Sometimes, the term airsacculitis is used for bacterial infection of the laryngeal air sacs in mammals, the most commonly primates. Such airsacculitis in non-human primates often leads to various chronic respiratory diseases. The infected air sacs thicken. Under the microscope one can detect hyperplasia or hypertrophy of epithelium, cell necrosis, fibrosis, cellular infiltrates, as well as an occurrence of bacterial colonies. Among typical symptoms of the disease are halitosis (bad breath), coughing, rhinorrhea (nasal discharge), depression, anorexia and weight loss.

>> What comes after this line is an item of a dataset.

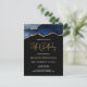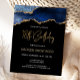 Denna trendiga 18-års inbjudan postkort har en akvarellbild av en agatgeod i olika nyanser av blått med falska guldhöjdpunkter. Orden "18-årsdag" visas i falskt guld glitter i dekorativ modern handskriven stil. Anpassa den med namnet på hedersgästen i guldfärgad text och detaljerna i vitt på svart bakgrund.

=== Anatomy and function ===
It is critically important to note, that laryngeal air sac is not a synonym of pulmonary alveolus (sometimes also called an air sac), which represents the end of the bronchiole and serves as an exchanging agent of gases between lungs and blood. Infected lungs and inflamed lung tissue (with alveoli) is a sign of pneumonia and not airsacculitis.

In primates laryngeal air sacs occur in apes and gibbons, while such structures are absent in people and some smaller gibbon species. These air sacs are useful when producing fast and extended call sequences. Such behaviour often leads to the risk of hyperventilation if there are no air sacs to allow re-breathing of an exhaled air.

Researchers proposed the absence of laryngeal air sacs in humans is a result of people's ability to adjust their speech breathing patterns and consequently lower probability of hyperventilation. It is thought that the lack of laryngeal air sacs in humans represents a derived feature.